О’Нил громко рассмеялся, чтобы подчеркнуть, как это смешно, и Мэтти присоединилась к нему. Однако ее собеседник только что признал, что ему известно, как именно произошла утечка. А он мог знать это только по одной причине. Самоуверенность Роджера затягивалась на его собственной шее, точно удавка.
– Тогда давайте перейдем к другой утечке, связанной с планом реорганизации больниц, – предложила Сторин. – Мне рассказали, что вы готовили большую рекламную кампанию, которую пришлось отменить из-за внезапного изменения планов.
– Неужели? И кто же тебе такое рассказал? – спросил О’Нил.
Его разум отчаянно заработал – и вскоре он сообразил, что это был его старый приятель Кендрик. Тупой ублюдок всегда питал слабость к красивым женщинам!
– Хотя это не имеет значения, и я не буду на тебя давить и требовать, чтобы ты выдала мне свои источники, – тут же добавил он. – Но слухи сильно преувеличены. Отдел рекламы и пропаганды всегда готов поддержать политику правительства, чем мы и занимаемся. Если разрабатывается какой-то проект, мы, естественно, хотим его продвинуть, но особой кампании не планировалось.
– Мне рассказали, что вам пришлось отказаться от тщательно подготовленных рекламных шагов в самый последний момент.
Длинный столбик пепла на сигарете Роджера не мог больше противиться законам тяготения и рухнул на галстук, однако мужчина не обратил на это ни малейшего внимания. Он сосредоточенно хмурился.
– Тебя ввели в заблуждение, Мэтти. Похоже, кто-то хочет снова вытащить на свет ту историю и показать, что партия находится в более сложном положении, чем на самом деле. Слова твоего источника представляются мне сомнительными. Ты уверена, что он знал все факты? Может быть, ему было выгодно представить дело именно так?

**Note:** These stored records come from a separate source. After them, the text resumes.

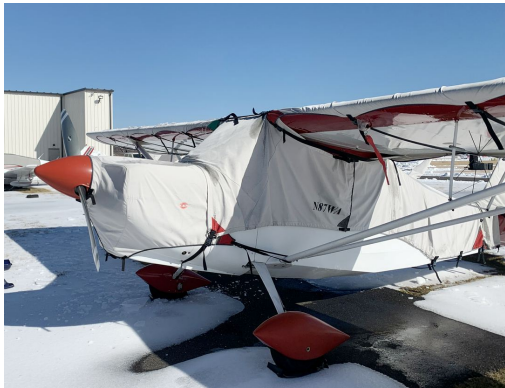
American Champion Decathlon Extended Canopy, Engine, Wing & Empennage Covers

This cover type is made from Silver Acrylic Sunbrella canvas and is 100% lined with a soft and smooth microfiber. Bruce's Custom Covers developed this material combination especially for aircraft protection. The outer material is medium weight and treated for water resistance, UV resistance and anti-static buildup. The inner lining is a very soft and smooth microfiber to prevent scratching. The material is very reflective, and tests show that the cabin interior temperature can be reduced to near-ambient temperature on the hottest of days. It is water, ice and snow repellent, yet breathable to allow moisture to escape from between the cover and the aircraft surface.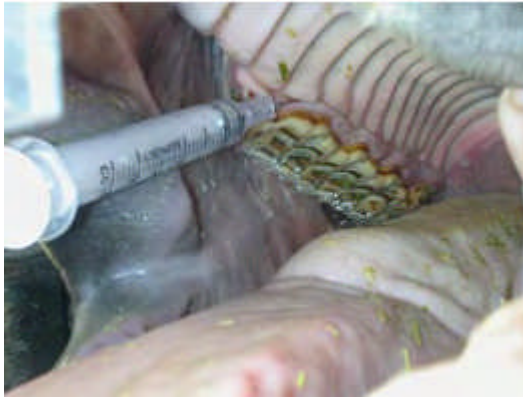
Local anaesthetic being injected into the gingival tissue surrounding the wolf tooth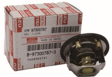
8-97300787-3 节温器 THERMOSTAT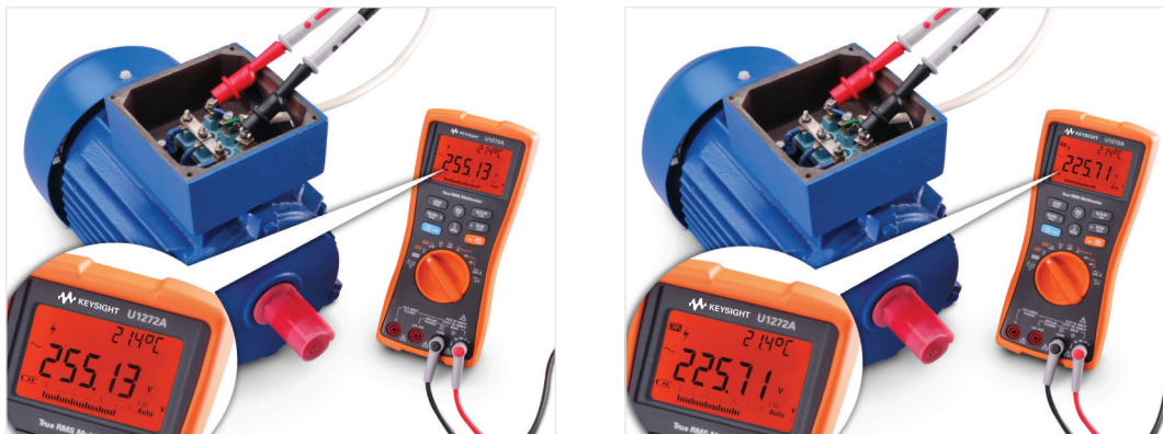
Figure 1. Comparison of voltage output from industrial motor VFD without and with Low Pass Filter functionality.

The U1270 Series offers a 1 kHz LPF or Low Pass Filter to provide accurate Variable Frequency Drive (VFD) output measurements. This function eliminates high frequency noise and harmonics, ensuring motor filter efficiency.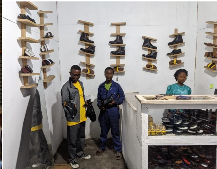
Shoemaking and leather goods

For this work of equipping the centers, Action Le Vert needs second-hand machines for cutting and sewing, carpentry, masonry, plumbing and electricity, IT, automotive mechanics, mixed hairdressing and beauty salon and other trades. It asks legal entities or individuals who have second-hand machines to give them to us in terms of donations to support and facilitate the learning of learners.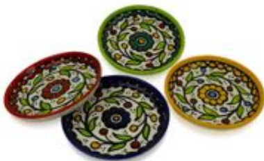
APPETIZER PLATES $8 EACH

Colorful ceramic bowl is intricately hand painted with bold floral patterns, a traditional Palestinian craft. High gloss glaze. Slight variations may occur due to handmade techniques. Food and microwave safe. Not oven safe. Hand wash. Made in the West Bank Small: 1 3/4" h x 6" dia. Medium: 2" h x 7" dia Large: 2in. h x 11in. dia.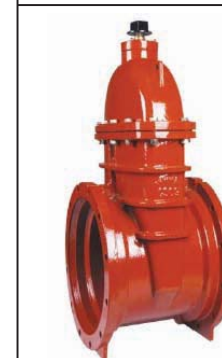
30" C509/C515 NRS Gate Valve (MjxMJ)

Design confirm to AWWA C509/C515 Connections confirm to C111/A21.11 Face to face confirm to ASME B16.10 Pressure Rating: Class 150/Class 250

О’Нил с широкой улыбкой попытался дискредитировать Кендрика, чтобы его нельзя было считать надежным источником информации. Ответная улыбка Мэтти ни на мгновение не выдала ее удивления тем, как быстро и ловко сидящий рядом с нею человек придумал объяснение. Однако она задавала слишком много вопросов, и даже такой умелый притворщик, как Роджер, начал чувствовать дискомфорт. Ему требовалась более серьезная поддержка – сигареты не хватало, – что бы там ни говорил Уркхарт.
– Мэтти, у меня был трудный день, к тому же сегодня будут получены результаты голосования. Мы не могли бы закончить на этом? – попросил он все с той же улыбкой.

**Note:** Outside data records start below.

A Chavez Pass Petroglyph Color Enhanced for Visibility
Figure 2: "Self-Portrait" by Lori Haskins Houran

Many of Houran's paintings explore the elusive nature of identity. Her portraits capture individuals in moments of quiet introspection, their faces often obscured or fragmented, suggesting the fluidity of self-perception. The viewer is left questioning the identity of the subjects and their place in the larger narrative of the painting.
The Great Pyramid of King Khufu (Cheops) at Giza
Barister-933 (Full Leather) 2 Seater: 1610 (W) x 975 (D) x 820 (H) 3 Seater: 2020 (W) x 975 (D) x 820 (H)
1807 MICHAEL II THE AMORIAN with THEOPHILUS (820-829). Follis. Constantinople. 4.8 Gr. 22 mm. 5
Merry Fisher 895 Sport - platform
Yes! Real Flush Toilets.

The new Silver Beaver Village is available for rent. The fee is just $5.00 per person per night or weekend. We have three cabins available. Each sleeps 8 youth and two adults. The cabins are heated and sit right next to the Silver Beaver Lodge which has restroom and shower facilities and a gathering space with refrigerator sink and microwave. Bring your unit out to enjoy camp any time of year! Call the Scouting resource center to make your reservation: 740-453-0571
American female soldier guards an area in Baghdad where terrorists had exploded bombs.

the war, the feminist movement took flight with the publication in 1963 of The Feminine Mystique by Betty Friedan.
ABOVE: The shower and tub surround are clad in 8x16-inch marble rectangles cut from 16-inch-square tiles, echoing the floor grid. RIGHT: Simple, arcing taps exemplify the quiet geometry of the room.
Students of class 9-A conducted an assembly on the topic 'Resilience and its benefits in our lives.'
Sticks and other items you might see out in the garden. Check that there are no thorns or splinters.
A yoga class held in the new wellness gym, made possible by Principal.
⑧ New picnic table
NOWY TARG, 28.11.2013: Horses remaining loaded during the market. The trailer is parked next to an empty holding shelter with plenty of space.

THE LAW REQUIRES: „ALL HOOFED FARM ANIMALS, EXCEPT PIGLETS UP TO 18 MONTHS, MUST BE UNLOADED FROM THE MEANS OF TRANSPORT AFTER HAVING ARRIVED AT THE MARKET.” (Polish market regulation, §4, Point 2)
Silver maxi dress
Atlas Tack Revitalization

– Спасибо, что уделили мне время, Роджер. Наша беседа оказалась чрезвычайно полезной.
– Всегда рад помочь, – сказал О’Нил, провожая девушку к двери.

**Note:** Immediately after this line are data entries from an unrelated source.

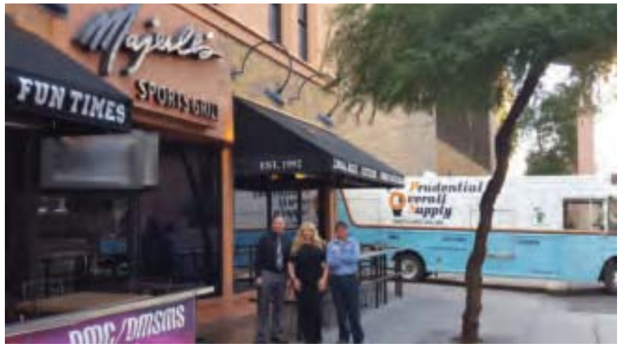
Standing in front of the Downtown Phoenix location.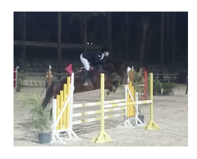
Show jumping competition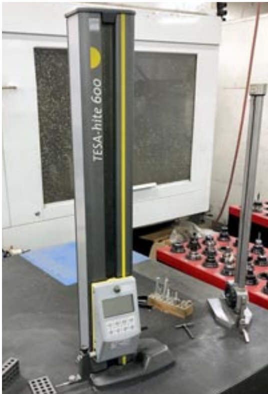
TESA-HITE 600 Digital Height Gage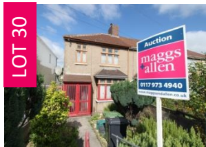
LOT 30 16 Berkeley Road, Fishponds, Bristol BS16 3LX GUIDE *£135,000+

Three bedroom end of terrace house in need of complete refurbishment, benefiting from a sizeable rear garden and garage.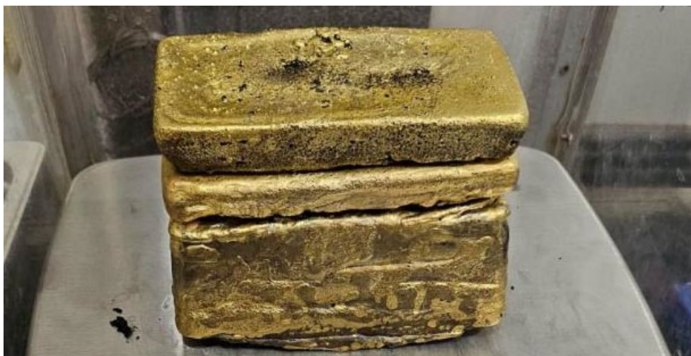
Figure 1: Paulsens weekly gold pour from late June 2025 (30,820 grams or ~990oz)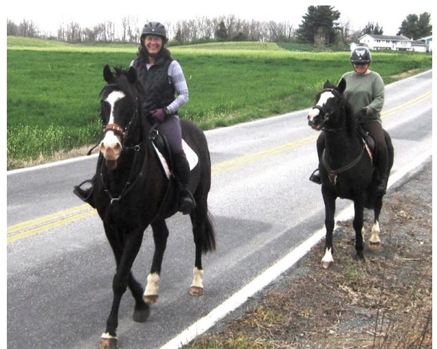
Arriving for drive in worship at Salem Church in Waynesboro, Pennsylvania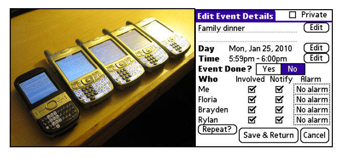
Figure 1.1 (left) Palm devices running Family-Link software. (right) A screenshot of the event editing view in Family-Link.

In this paper, we present the evaluation of a collaborative memory aid called Family-Link (see Figure 1.1). This system was designed with PwAs<sup>1</sup>, their family members, and clinicians. We evaluated Family-Link in a real-world deployment with four families with a PwA over six months. The study compared Family-Link and the Palm Calendar, the latter being the system with which participants were most familiar. Results suggest that participants shared more events when using Family-Link as compared to Palm Calendar. We learned that Family-Link also increased awareness of other family members' schedules. For caregivers, this meant a greater sense of security, increased time savings, and a reduction in the amount of effort needed to coordinate. Persons with amnesia and caregivers found different aspects of Family-Link useful. Design implications arising from our results are discussed.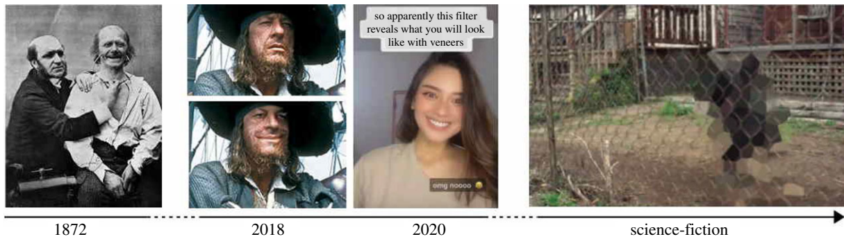
Figure 1. From Darwin to deep-learning: rapid technological advances in artificial intelligence create opportunities for real-time algorithmic modulations of facial and vocal expressions, which raises unprecedented societal and ethical questions. From left to right: (a) Original studies of human facial expressions employed electric stimulation to induce muscle contraction (Guillaume Duchenne de Boulogne, reproduced in [1]); (b) Manipulation of individual action units in still photographs using Generative Adversarial Networks (GANimation [14]); (c) Real-time smile filters in commercial video sharing platforms (Tiktok, ByteDance Ltd., Beijing, China); (d) Still from the Arkangel episode of dystopian science fiction television series Black Mirror (Endemol Shine UK Ltd., 2017) in which parents equip their children with anti-violence visual filters via a brain implant. Here, the device visually filters out a dog aggressively barking at the child, directly in the child's mind. (Online version in colour.)

difficult to trust whether the smiles, laughs and frowns of our conversation partners are genuine or algorithmically modulated (figure 1c).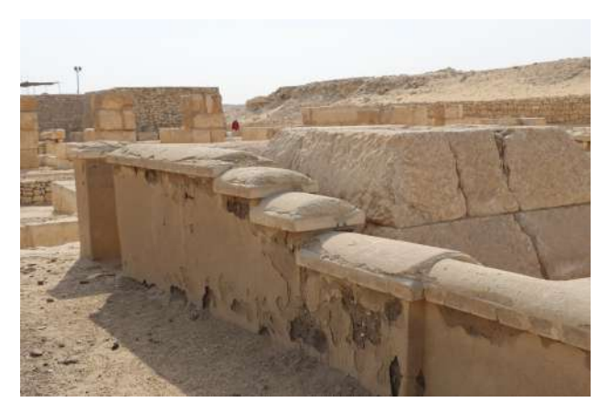
Figure 6: The conservation works (method C) did not prove efficient during the 2020 rains. {}^{\circ} T. Joffroy

Critical observation of the listed methods: advantages and disadvantages.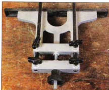
The side fence has a built-in fine adjuster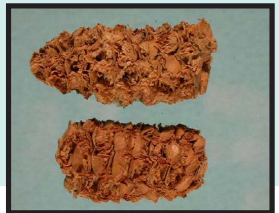
Ancient corncobs from the Vizcaino Collection.

The Pinto Canyon region has been understudied archaeologically, yet, it does not stretch the truth to postulate that the distinct behavioral signatures at all three sites suggest more variability in the Late Prehistoric record of the Big Bend than has been previously recognized. Furthermore, our testing of Tres Metates, Potsherd and Boulder Shelters has provided only the barest hint of the rich archaeological record to be found in Pinto Canyon. The evidence from these three sites definitively shows the region was a major occupation zone for foragers making their living in the harsh, yet beautiful, rimrock country.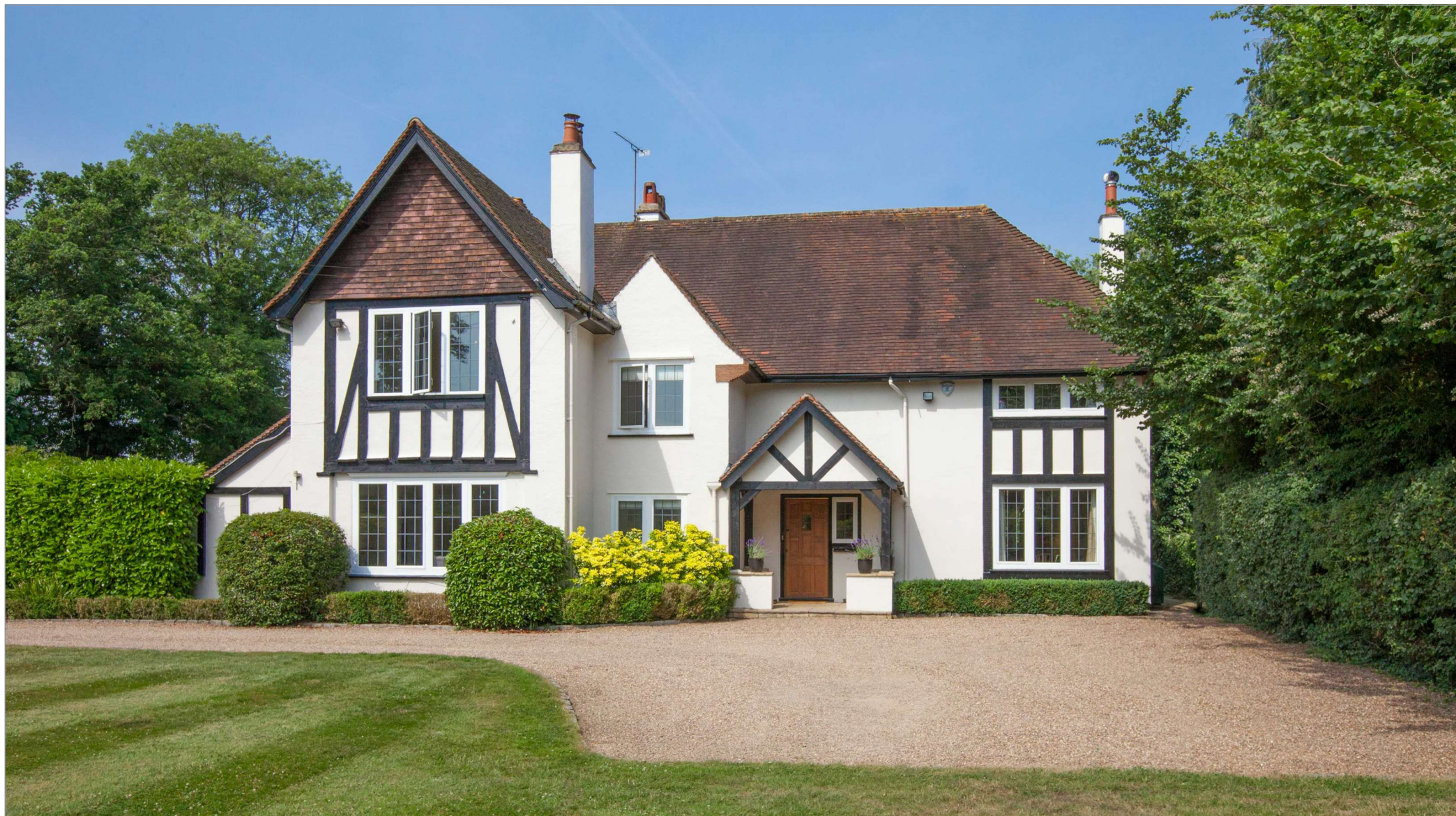
Green Lane, Burnham Bucks, SL1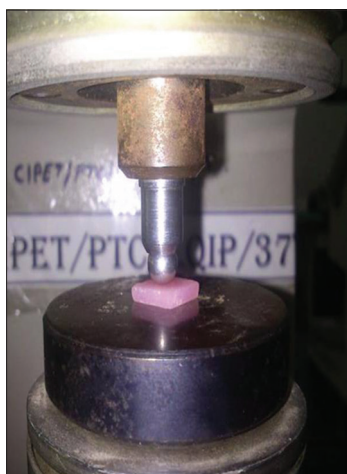
Figure 3: Testing of specimen for Rockwell hardness.

Когда они проходили мимо компьютерного терминала, расположенного в углу тесного офиса, Сторин наклонилась, чтобы осмотреть его, и ее блузка распахнулась на пару дюймов. Роджер подошел ближе, довольный возникшим предлогом.
– Я совершенно ничего не понимаю в этих штуках, – сказала корреспондентка и, повернувшись, посмотрела в бегающие глаза О’Нила. – Ваша партия заметно опережает остальных по части технологий. Полагаю, все терминалы в здании связаны с центральным компьютером?
– Ну… наверное, – ответил мужчина, подталкивая ее к двери.
– Я не знала, что вы так хорошо разбираетесь в технике, Роджер, – сделала она ему комплимент.
– Если честно, не особо хорошо, – неожиданно начал оправдываться О’Нил. – Нам всем читали ознакомительный курс, но я едва научился включать эту проклятую штуку. – Его глаза яростно засверкали – он окончательно потерял контроль над собой, буквально вытолкнул Мэтти за дверь и поспешно с нею попрощался.
* * *
В пять часов вечера двери зала для совещаний номер четырнадцать торжественно закрылись. Голосование завершилось. Что было пустым жестом – последний из трехсот тридцати пяти бюллетеней бросили десять минут назад. За закрытыми дверями остались сэр Хамфри и небольшая команда наблюдателей. Они были счастливы, что все прошло гладко, несмотря на отвратительный старт, когда им пришлось переделывать бюллетени из-за отказа Эрла. По кругу прошла бутылка виски: все набирались терпения перед началом подсчетов. В разных комнатах дворца кандидаты ждали результатов – с разной степенью тревоги.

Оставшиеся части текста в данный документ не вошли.